Menurut asosiasi, langkah ini dapat meningkatkan efisiensi pengendalian pajak serta memperketat pengawasan terhadap industri perhiasan. Purbaya menambahkan, “Usul mereka adalah semuanya dikenakan 3 persen. Jadi yang konsumen gak bayar lagi, di pabrik-pabriknya aja, jadi kita bisa kendalikan lebih cepat.”
Menteri Keuangan menegaskan bahwa pihaknya akan mempertimbangkan usulan tersebut. Jika terbukti mampu meningkatkan penerimaan negara sekaligus memperketat pengawasan industri perhiasan, kebijakan ini bisa segera diterapkan.

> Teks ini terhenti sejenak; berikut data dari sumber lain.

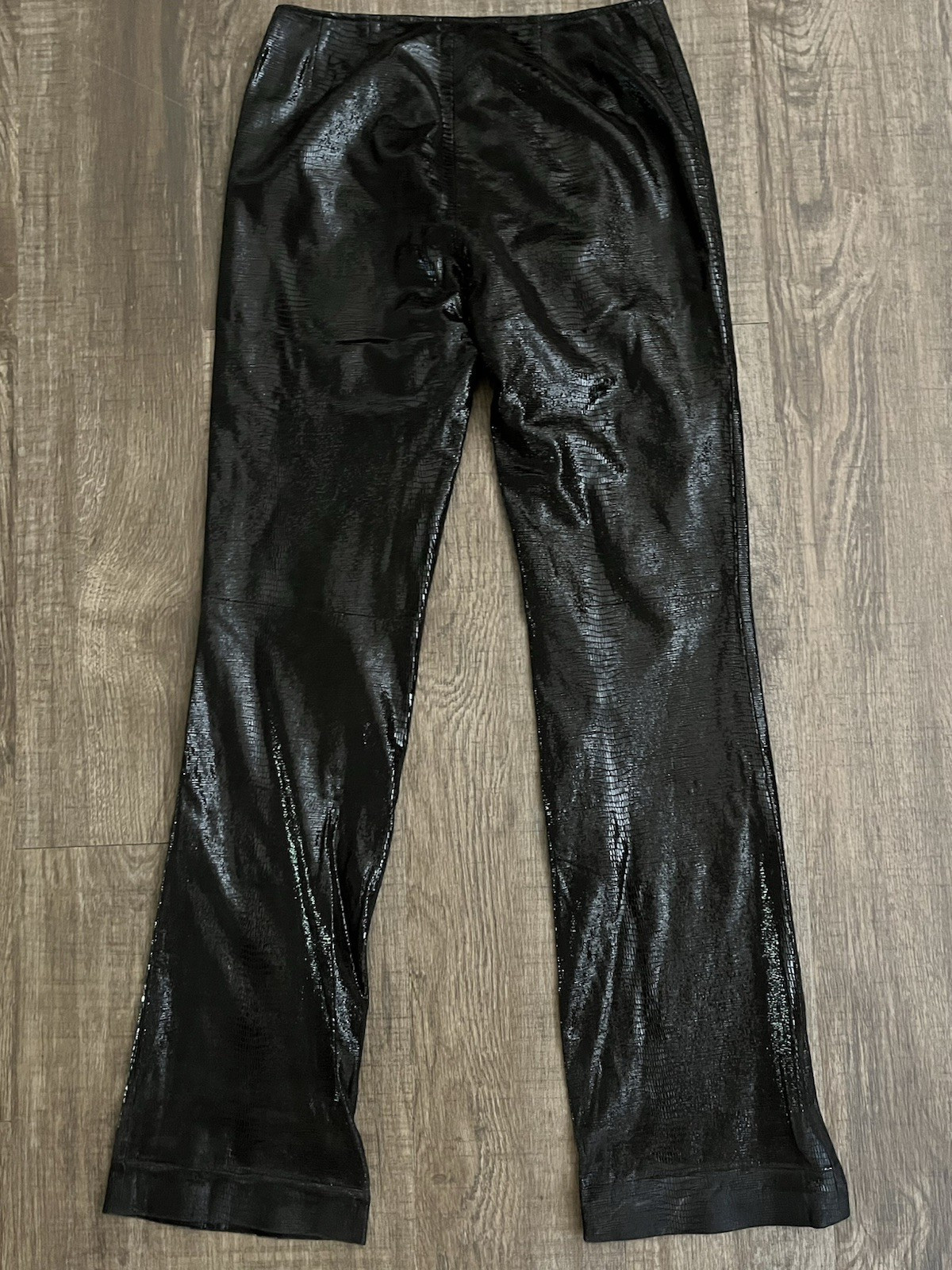 Shiny Black Genuine Leather Pants Womens Reptile Pattern Size 2 28 Waist Sleek
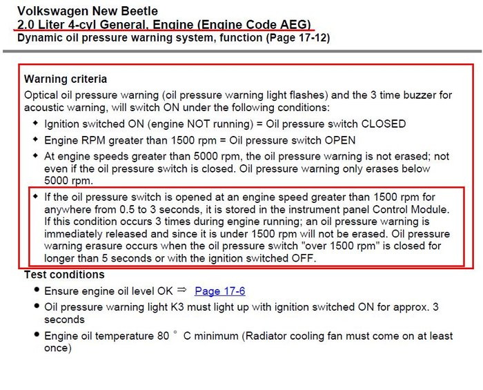 又看到一个比较接近老宝的, 来出新甲壳虫.报警系统基本跟上面相同, 还增加了点.大概如下:1. 如果车速超过1500转时,机油压力开关打开0.5~3秒, 她就将信息存在面板记忆中.2. 如果上面情况连续出现3次, 机油警告灯就立即着, 这时就算转速低于1500转也会报警.3. 直到下次机油压力开关在超过1500转时关闭5秒才会停止报警.4. 关掉发动机(熄火)也会停止报警. 下次着车重复上面检查. 2015-03-09增加点资料:其实这个跟亮红灯没什么关系,着个亮黄灯, 就是说缺少机油. 听说只有8T才有这个机油温度传感器. 为什么我一直...

“Jadi minta treatment bagaimana caranya supaya bayar PPN-nya bukan di konsumen aja tapi langsung di perusahaan-perusahaan itu. Saya pikir ya kalau memang bisa naikin income saya naikin aja,” ujarnya.
Praktik produsen perhiasan ilegal memang menjadi sorotan karena dapat menurunkan penerimaan pajak nasional dan merugikan produsen legal.
Selain itu, pengawasan yang lemah terhadap rantai distribusi perhiasan juga membuat pemerintah sulit memastikan bahwa setiap transaksi tercatat secara resmi. Dengan penerapan pajak langsung di tingkat produsen, diharapkan pengawasan menjadi lebih efektif dan transparan.
Selain itu, langkah ini diharapkan dapat mendorong produsen perhiasan untuk mematuhi aturan pajak dan administratif, seperti memiliki surat keterangan pembelian.
Purbaya menekankan bahwa sistem pajak yang efisien tidak hanya menguntungkan pemerintah, tetapi juga menciptakan iklim usaha yang lebih adil bagi pelaku industri perhiasan legal.
Industri perhiasan Indonesia sendiri merupakan sektor strategis karena berkontribusi signifikan terhadap perekonomian nasional dan ekspor.
Dengan penerimaan pajak yang lebih optimal, pemerintah memiliki sumber daya lebih untuk mendukung pembangunan dan program strategis lainnya. Selain itu, kebijakan ini juga mendorong produsen untuk menjalankan praktik bisnis yang lebih profesional dan transparan.
Ke depan, Kementerian Keuangan bersama APPI diharapkan dapat menyusun mekanisme penerapan pajak di tingkat produsen secara terukur dan efektif.
Hal ini termasuk memperkuat sistem pengawasan, digitalisasi pencatatan transaksi, dan edukasi bagi produsen agar mematuhi ketentuan pajak. Dengan begitu, pemerintah dapat menekan praktik ilegal dan memaksimalkan potensi penerimaan pajak dari industri perhiasan.
Penerapan pajak langsung di produsen juga diharapkan mengurangi beban administrasi bagi konsumen, sehingga transaksi perhiasan menjadi lebih transparan dan akuntabel. Menteri Purbaya menegaskan bahwa kebijakan ini sejalan dengan prinsip good governance, transparansi, dan keadilan bagi seluruh pelaku industri perhiasan di Indonesia.